Data Definition Language (DDL) is a subset of SQL (Structured Query Language) used to define and manage the structure of a database. DDL statements are used to create, modify, and delete database objects such as tables, indexes, and views.

## Create

The CREATE statement in SQL is used to create a new database object, such as a table, view, or index. When creating a new object, you typically specify its name, along with the names and data types of the columns that it will contain.

```
CREATE TABLE customers (
  id INT PRIMARY KEY,
  name VARCHAR(50),
  email VARCHAR(100),
  phone VARCHAR(20)
)
```

## Drop

The DROP statement in SQL is used to delete an existing database object, such as a table, view, or index. When dropping an object, you typically specify its name, and the database management system will permanently remove it from the database.

```
DROP TABLE customers
```

## Alter

The ALTER statement in SQL is used to modify an existing database object, such as a table, view, or index. When altering an object, you can make a variety of changes, such as adding or deleting columns, changing the data type of a column, or adding or deleting constraints.

```
ALTER TABLE customers
ADD COLUMN address VARCHAR(100)
```

# Data architecture

## Database normalization forms

Database normalization is the process of organizing a database in such a way that it reduces data redundancy and dependency, and improves data integrity. There are several normal forms that are commonly used to achieve these goals, including:

1. **First Normal Form (1NF)**: This is the most basic level of normalization, which requires that each column in a table contain only atomic values (i.e., values that cannot be further subdivided).
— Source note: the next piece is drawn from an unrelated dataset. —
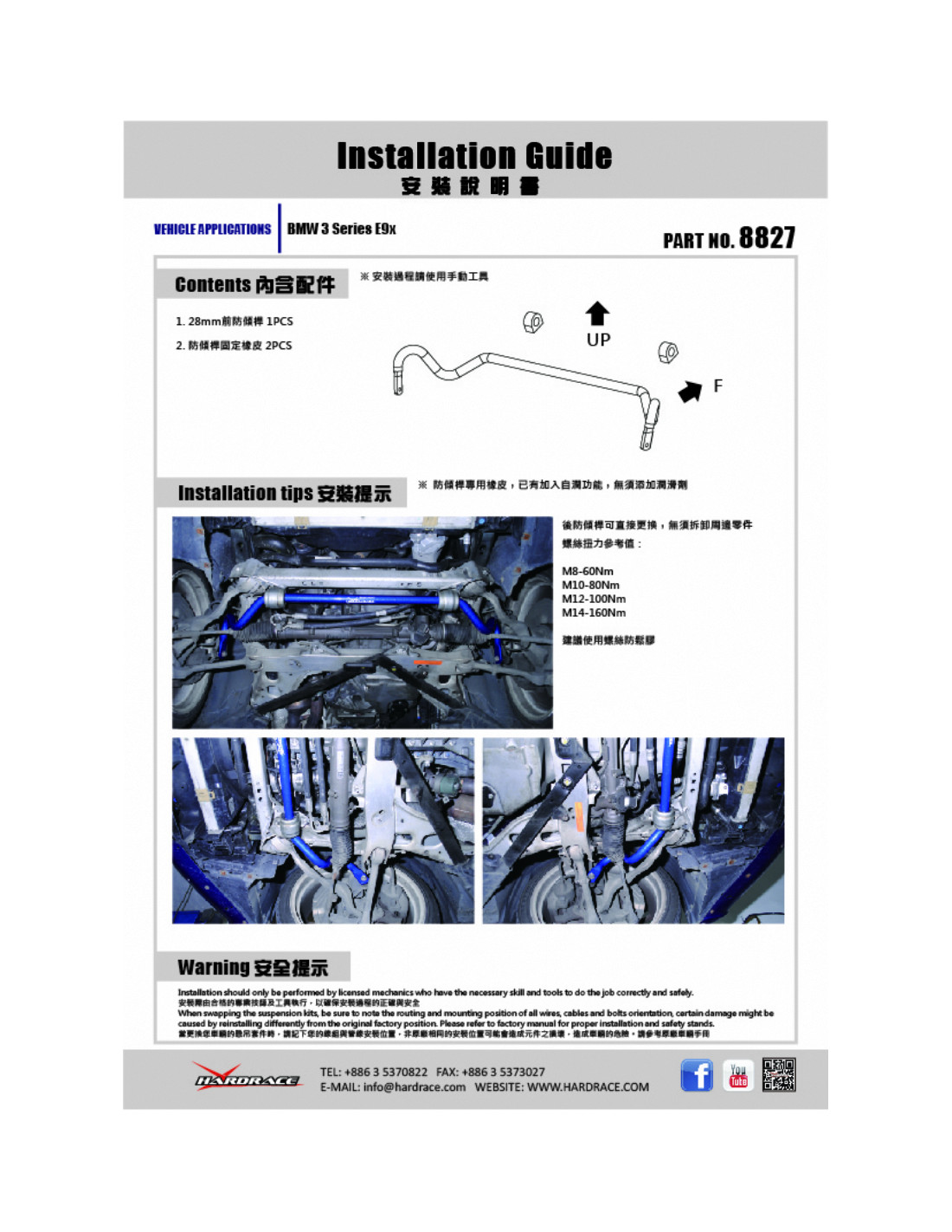 Hardrace Stabilizer Bar for BMW 1 Series, 3 Series. Ideal for improving steering precision, ride stability, and response. Manufacturer's Specifications : - 28 mm For RWD Use 3 PCS/SET

2. **Second Normal Form (2NF)**: This form requires that all non-key attributes of a table be dependent on the entire primary key, rather than just a part of it.

3. **Third Normal Form (3NF)**: This form requires that all non-key attributes of a table be dependent only on the primary key, and not on any other non-key attributes.

4. **Boyce-Codd Normal Form (BCNF)**: This form is a stronger version of 3NF, which requires that all functional dependencies in a table be determined by the candidate keys, rather than just the primary key.

5. **Fourth Normal Form (4NF)**: This form is used when there are multiple independent many-to-many relationships between the same two entities in a database.

6. **Fifth Normal Form (5NF)**: This form is used when there are complex multi-valued dependencies between attributes in a table.

Each normal form builds upon the previous one, and each one has its own set of rules and requirements that must be followed in order to achieve it. Normalization helps to improve the efficiency and accuracy of a database, while also making it easier to maintain and update over time.